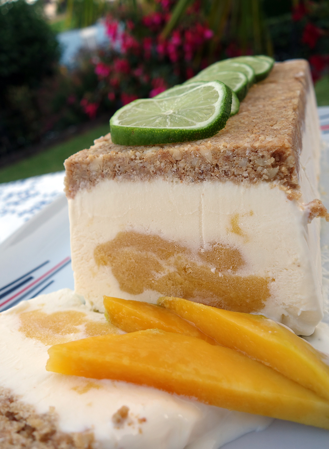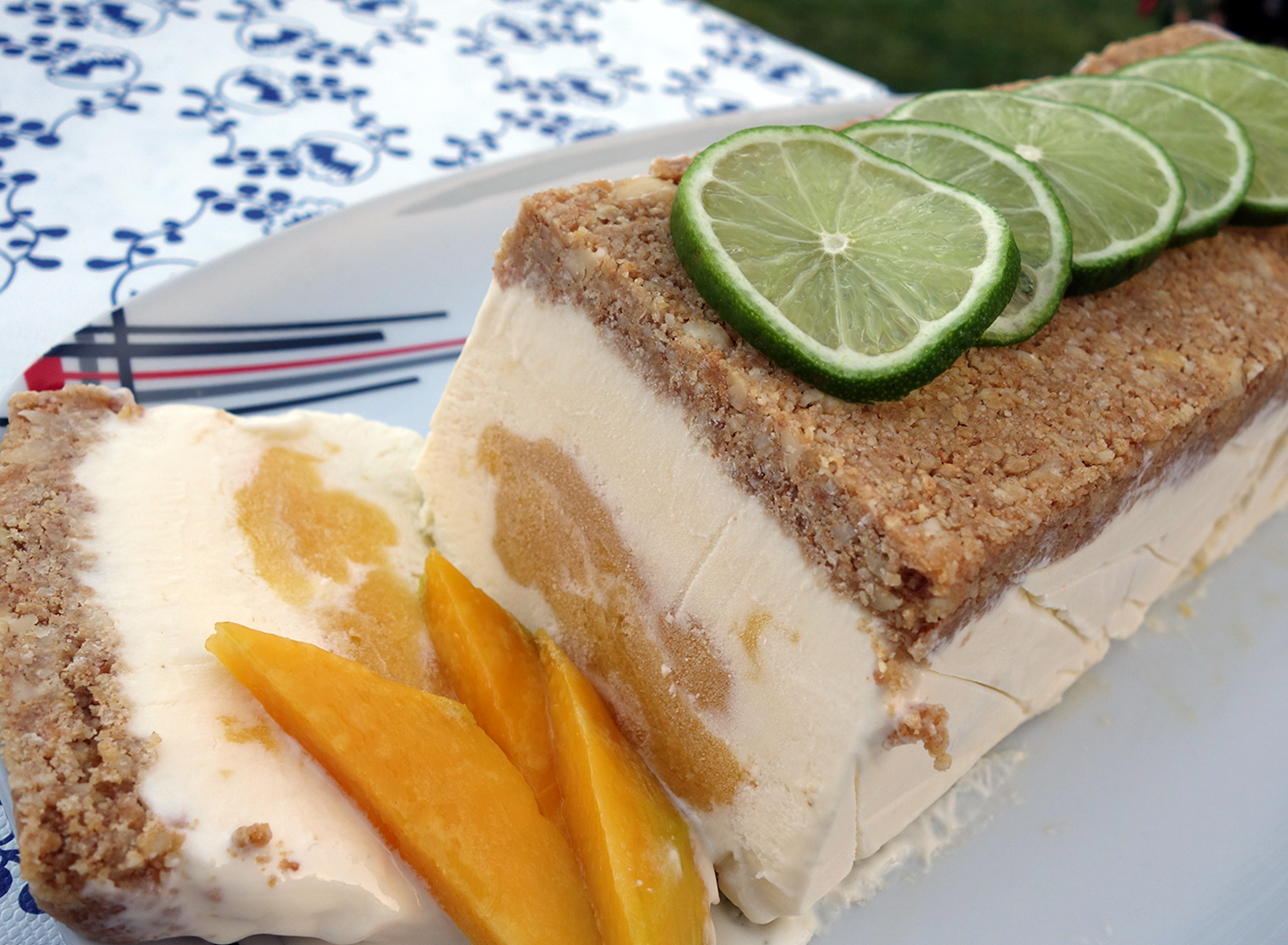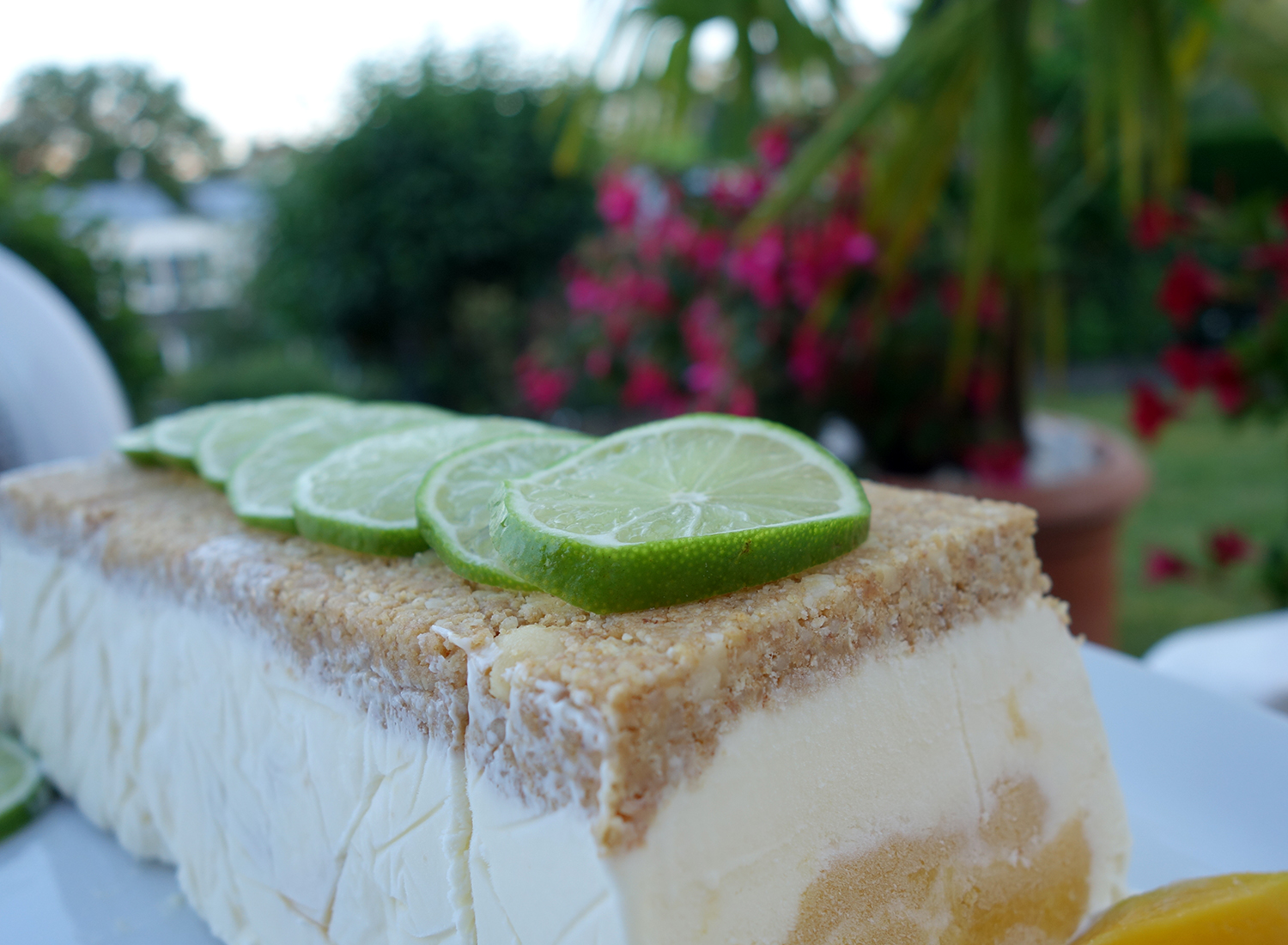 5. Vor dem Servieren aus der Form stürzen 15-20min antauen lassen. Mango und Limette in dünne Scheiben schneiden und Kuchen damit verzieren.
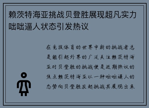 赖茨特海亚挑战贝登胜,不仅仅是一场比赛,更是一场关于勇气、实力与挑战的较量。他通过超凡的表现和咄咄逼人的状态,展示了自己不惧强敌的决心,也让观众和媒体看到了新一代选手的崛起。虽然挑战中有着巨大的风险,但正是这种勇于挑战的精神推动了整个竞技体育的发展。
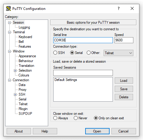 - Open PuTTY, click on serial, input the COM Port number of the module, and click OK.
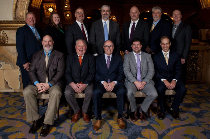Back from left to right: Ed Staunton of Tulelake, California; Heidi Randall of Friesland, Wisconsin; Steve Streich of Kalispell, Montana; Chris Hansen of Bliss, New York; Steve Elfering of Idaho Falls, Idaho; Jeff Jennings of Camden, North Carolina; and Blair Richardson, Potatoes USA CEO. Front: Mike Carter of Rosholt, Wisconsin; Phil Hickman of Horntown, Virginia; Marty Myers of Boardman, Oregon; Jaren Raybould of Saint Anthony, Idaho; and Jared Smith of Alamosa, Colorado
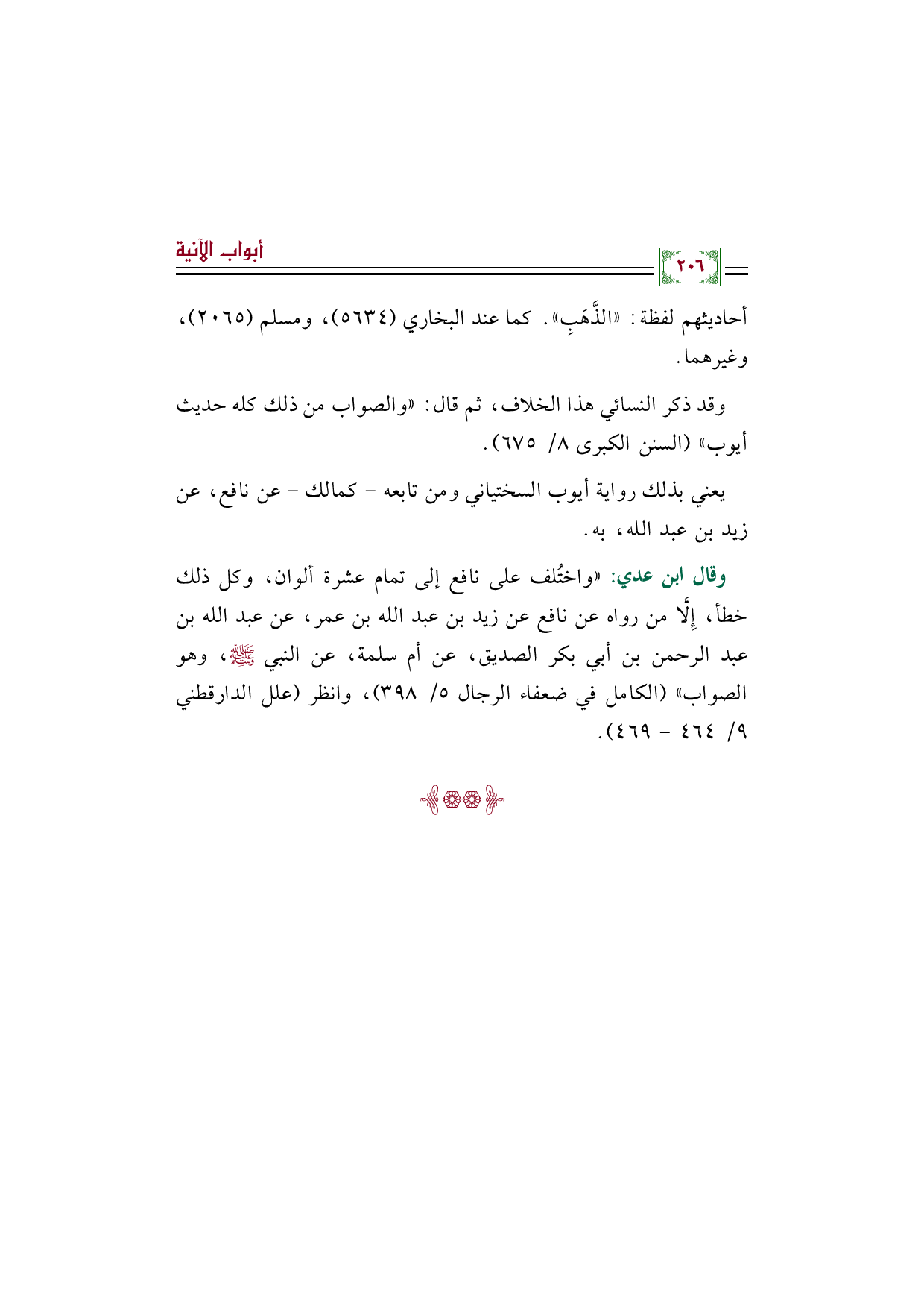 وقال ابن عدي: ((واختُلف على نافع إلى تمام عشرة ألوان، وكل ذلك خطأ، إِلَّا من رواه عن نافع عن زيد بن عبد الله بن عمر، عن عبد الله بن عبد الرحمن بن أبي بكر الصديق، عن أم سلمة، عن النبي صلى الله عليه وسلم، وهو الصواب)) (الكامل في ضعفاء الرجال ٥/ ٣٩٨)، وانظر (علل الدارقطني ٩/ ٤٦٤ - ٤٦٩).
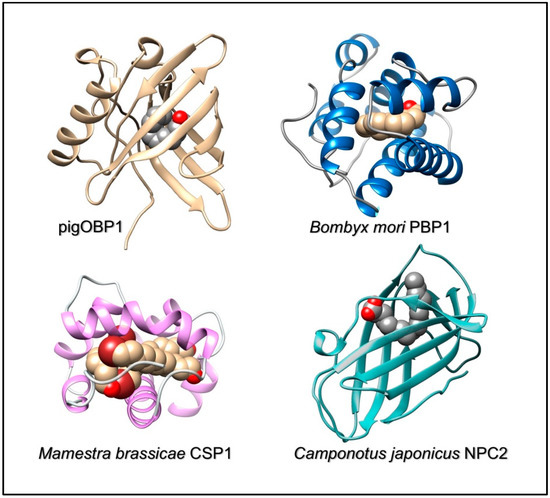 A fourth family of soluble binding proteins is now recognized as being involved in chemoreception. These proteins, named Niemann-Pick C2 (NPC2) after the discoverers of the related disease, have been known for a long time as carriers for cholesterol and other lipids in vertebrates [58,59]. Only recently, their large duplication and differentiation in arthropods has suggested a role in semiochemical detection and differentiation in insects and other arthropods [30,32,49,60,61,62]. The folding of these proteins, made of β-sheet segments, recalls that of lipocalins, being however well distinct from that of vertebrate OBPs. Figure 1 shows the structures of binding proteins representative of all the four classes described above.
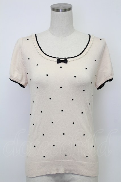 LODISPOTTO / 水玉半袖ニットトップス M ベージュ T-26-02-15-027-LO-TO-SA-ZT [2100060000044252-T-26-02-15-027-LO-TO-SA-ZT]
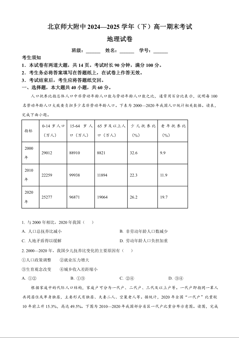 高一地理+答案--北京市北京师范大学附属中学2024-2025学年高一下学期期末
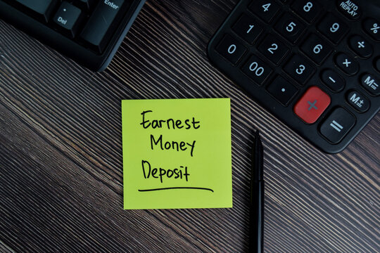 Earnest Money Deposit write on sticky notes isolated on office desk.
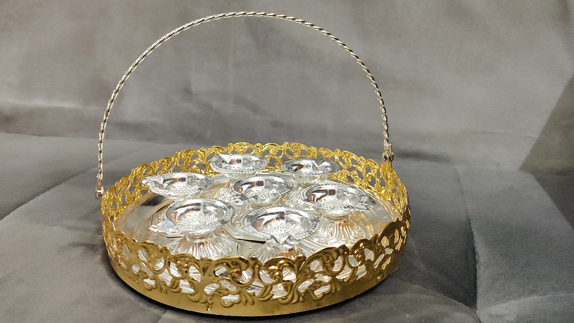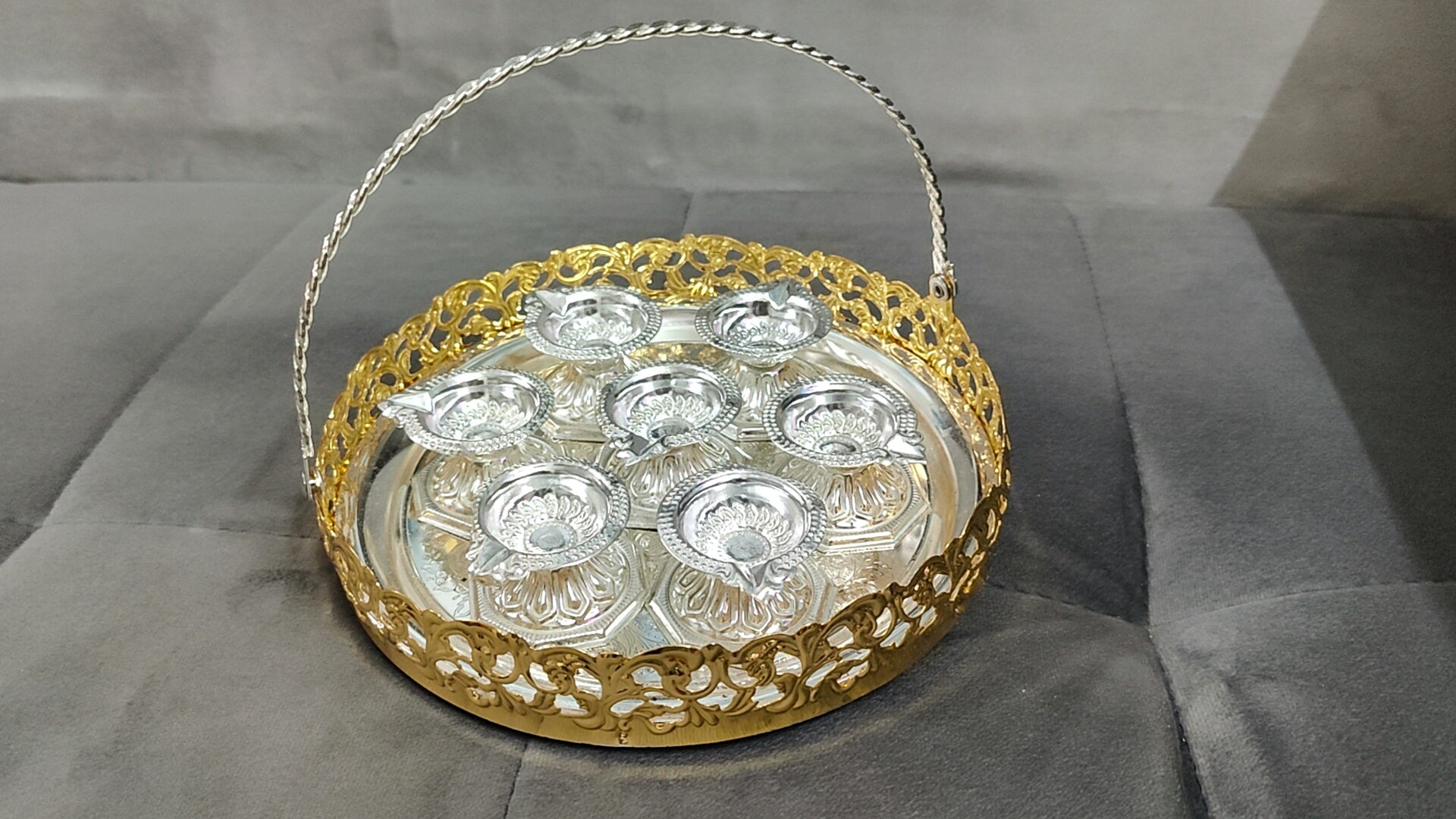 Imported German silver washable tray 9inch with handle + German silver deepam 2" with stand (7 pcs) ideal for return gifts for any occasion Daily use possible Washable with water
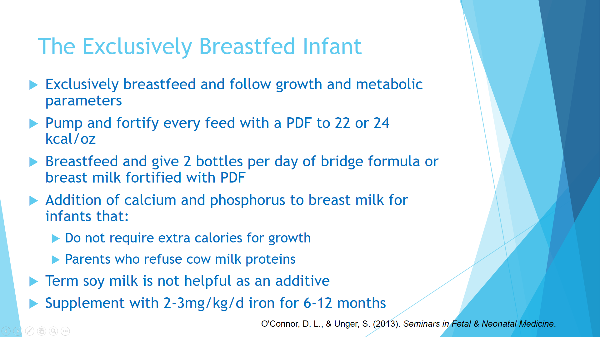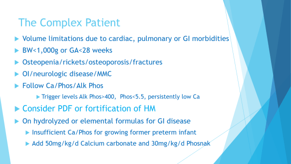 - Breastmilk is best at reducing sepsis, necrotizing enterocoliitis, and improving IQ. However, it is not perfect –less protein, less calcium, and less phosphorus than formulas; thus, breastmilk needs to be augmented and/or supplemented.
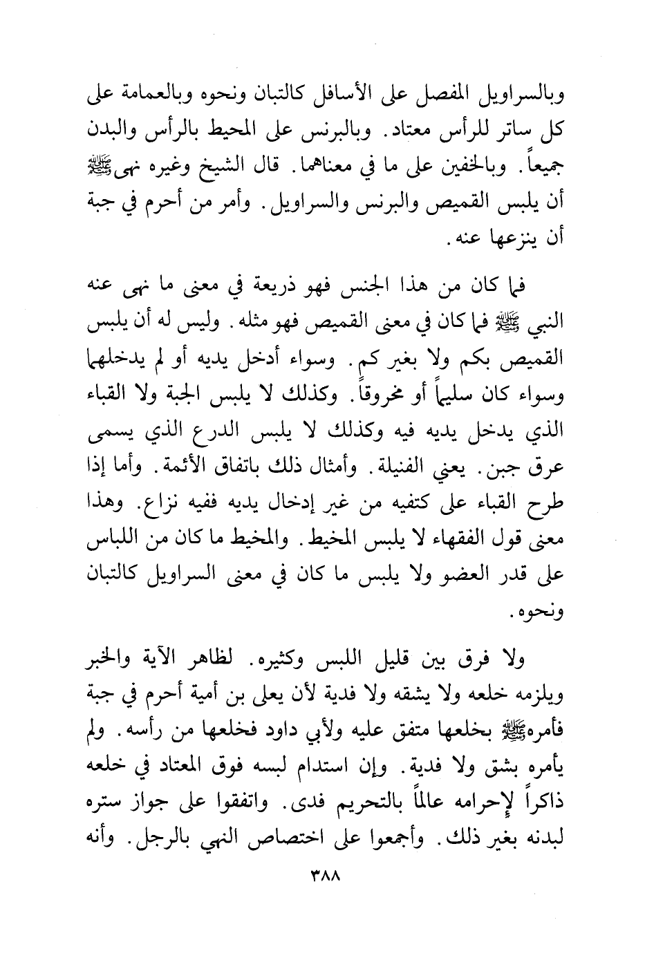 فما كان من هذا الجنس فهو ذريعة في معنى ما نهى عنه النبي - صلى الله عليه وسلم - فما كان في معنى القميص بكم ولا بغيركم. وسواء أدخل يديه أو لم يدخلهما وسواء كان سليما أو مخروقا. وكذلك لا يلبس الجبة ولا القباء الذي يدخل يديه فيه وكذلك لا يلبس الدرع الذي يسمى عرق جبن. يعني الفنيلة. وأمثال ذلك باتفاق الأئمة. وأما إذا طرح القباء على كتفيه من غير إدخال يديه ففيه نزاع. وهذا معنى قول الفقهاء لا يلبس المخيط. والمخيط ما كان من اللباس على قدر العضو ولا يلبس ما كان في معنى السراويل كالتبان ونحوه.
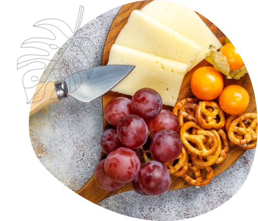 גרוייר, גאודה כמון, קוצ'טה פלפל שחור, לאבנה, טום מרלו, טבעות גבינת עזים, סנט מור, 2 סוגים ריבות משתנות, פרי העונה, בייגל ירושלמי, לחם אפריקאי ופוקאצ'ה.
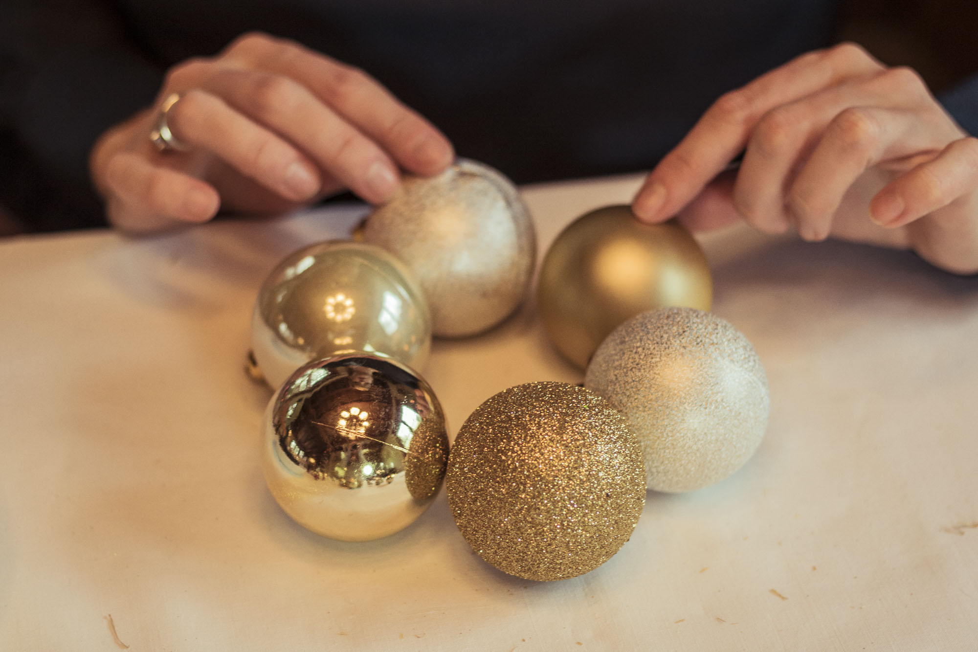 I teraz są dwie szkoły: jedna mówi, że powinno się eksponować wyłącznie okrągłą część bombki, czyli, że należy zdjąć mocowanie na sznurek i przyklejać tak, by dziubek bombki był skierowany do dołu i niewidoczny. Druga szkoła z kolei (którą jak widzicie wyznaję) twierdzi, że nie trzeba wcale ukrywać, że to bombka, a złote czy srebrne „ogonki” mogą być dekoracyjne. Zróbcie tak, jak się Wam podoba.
++++
Directions for this task> All lines from the beginning of the material above through the line holding "وقال ابن عدي: ((واختُلف" are to be given again exactly, and no others; pictures do not go in.

Answer to the exercise>
 5. Vor dem Servieren aus der Form stürzen 15-20min antauen lassen. Mango und Limette in dünne Scheiben schneiden und Kuchen damit verzieren.
 赖茨特海亚挑战贝登胜,不仅仅是一场比赛,更是一场关于勇气、实力与挑战的较量。他通过超凡的表现和咄咄逼人的状态,展示了自己不惧强敌的决心,也让观众和媒体看到了新一代选手的崛起。虽然挑战中有着巨大的风险,但正是这种勇于挑战的精神推动了整个竞技体育的发展。
 - Open PuTTY, click on serial, input the COM Port number of the module, and click OK.
Back from left to right: Ed Staunton of Tulelake, California; Heidi Randall of Friesland, Wisconsin; Steve Streich of Kalispell, Montana; Chris Hansen of Bliss, New York; Steve Elfering of Idaho Falls, Idaho; Jeff Jennings of Camden, North Carolina; and Blair Richardson, Potatoes USA CEO. Front: Mike Carter of Rosholt, Wisconsin; Phil Hickman of Horntown, Virginia; Marty Myers of Boardman, Oregon; Jaren Raybould of Saint Anthony, Idaho; and Jared Smith of Alamosa, Colorado
 وقال ابن عدي: ((واختُلف على نافع إلى تمام عشرة ألوان، وكل ذلك خطأ، إِلَّا من رواه عن نافع عن زيد بن عبد الله بن عمر، عن عبد الله بن عبد الرحمن بن أبي بكر الصديق، عن أم سلمة، عن النبي صلى الله عليه وسلم، وهو الصواب)) (الكامل في ضعفاء الرجال ٥/ ٣٩٨)، وانظر (علل الدارقطني ٩/ ٤٦٤ - ٤٦٩).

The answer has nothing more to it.